10.The appellant had also examined his maternal uncle Johnson as P.W.2.
The said Johnson had also attested the letter signed by the appellant before
the All Women Police Station, Kuzhithurai. He is therefore a person, who
appears to be acquainted with the facts and circumstances of the case. He
is an appropriate person to be examined as a witness to speak about what
happened between the parties.
11.The learned Judge had given a specific finding that the wife had
agreed for filing of mutual consent divorce petition before the Inspectof of
All Women Police Station, Kuzhithurai. However, the trial Judge had focussed
principally on the fact that the husband had not informed any person about
the conduct of his wife. But, this finding is not correct. P.W.2, maternal
uncle of the appellant was specifically informed about this and in fact, he
has deposed before the trial Court that at the instance of the appellant, he
attempted to compromise the matter. He was cross examined. He also deposed
that during the police enquiry, the respondent wife unconditionally agreed to
go for mutual consent divorce. The testimony of the said P.W.2 could not be
shaken during the cross examination. On the other hand, a suggestion was put
to the said P.W.2 that the respondent wife was ?now? physically ready and
willing for conjugal life and that she ?is now? ready for re-union. One and
only conclusion can flow from this, namely, that she was not originally fit
or ready or willing for normal conjugal life. A cumulative appreciation of
the evidentiary material on record can lead to only one conclusion viz., that
the respondent was willfully not ready to discharge her conjugal obligations.

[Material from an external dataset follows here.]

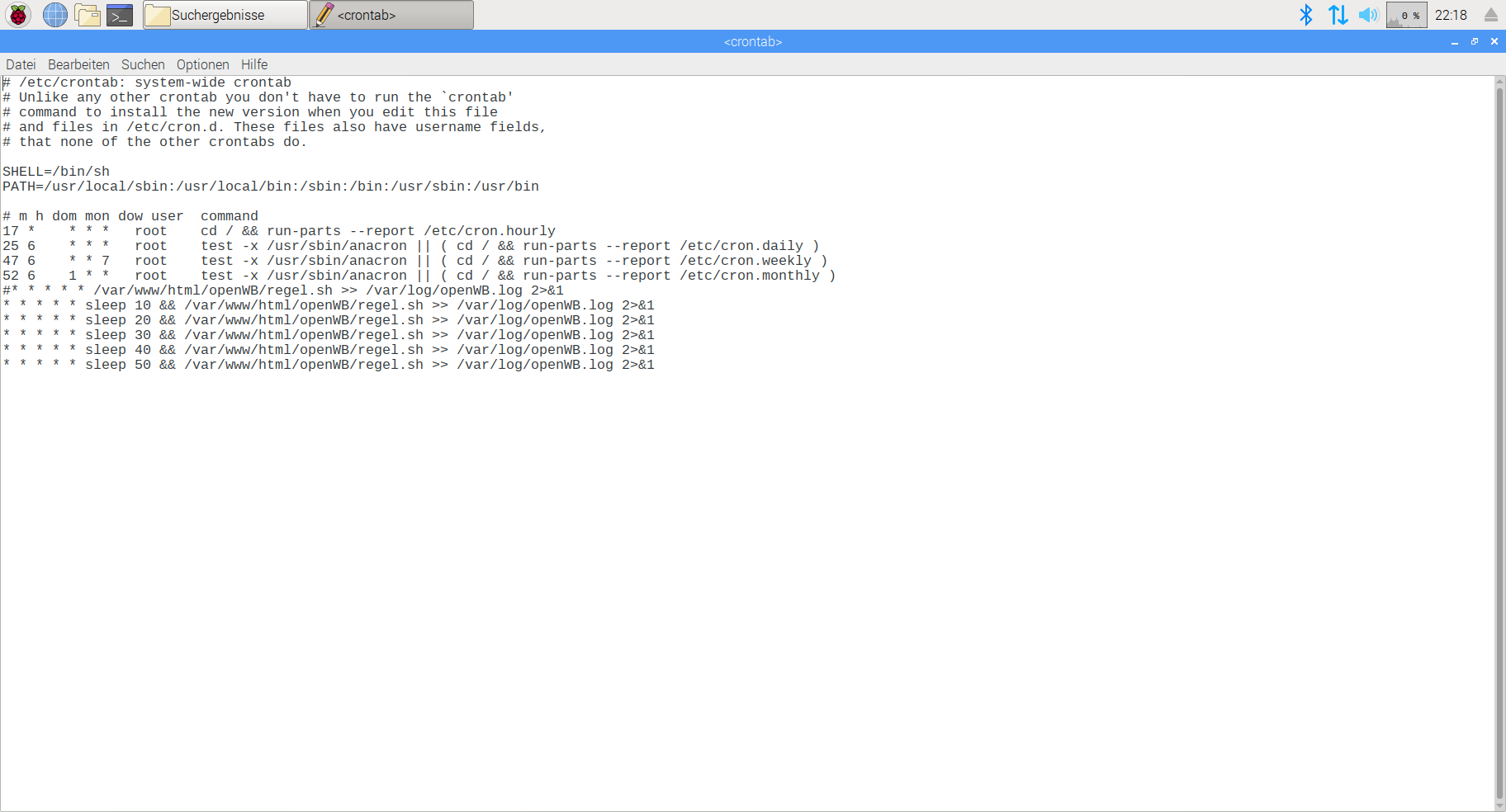 crontab -e eingeben. Vermutlich musst du noch deinen lieblings Editor auswählen. Du landest dann direkt im Editor für die passende crontab. Änderungen einbauen und dann speichern.

Therefore, I come to the conclusion that the appellant has clearly made out
his case by applying the principle of preponderance of probability. The
orders dated 23.10.2013 in IDOP.No.376 of 2010 and 159 of 2011 on the file of
the Principal District and Session Judge of Kanyakumari District are set
aside. I.D.O.P.No.376 of 2010 is dismissed and I.D.O.P.No.159 of 2011 is
allowed. But, this is not the end of the matter. The appellant had agreed
to handover a sum of Rs.2 lakhs and 9-1/2 sovereignd gold to the respondent
herein. Since the respondent did not come forward to receive the same, he
could not deliver to her. The appellant is therefore directed to deposit a
sum of Rs.5 lakhs to the credit of I.D.O.P.No.159 of 2011 on the file of the
Principal District and Session Judge of Kanyakumari District, within a period
of 8 weeks from the date of receipt of a copy of this order.
12.Both the appeals are allowed. No costs.
1.The Principal District and Session Judge of Kanyakumari District.
2.The Record Keeper,
Madurai Bench of Madras High Court, Madurai.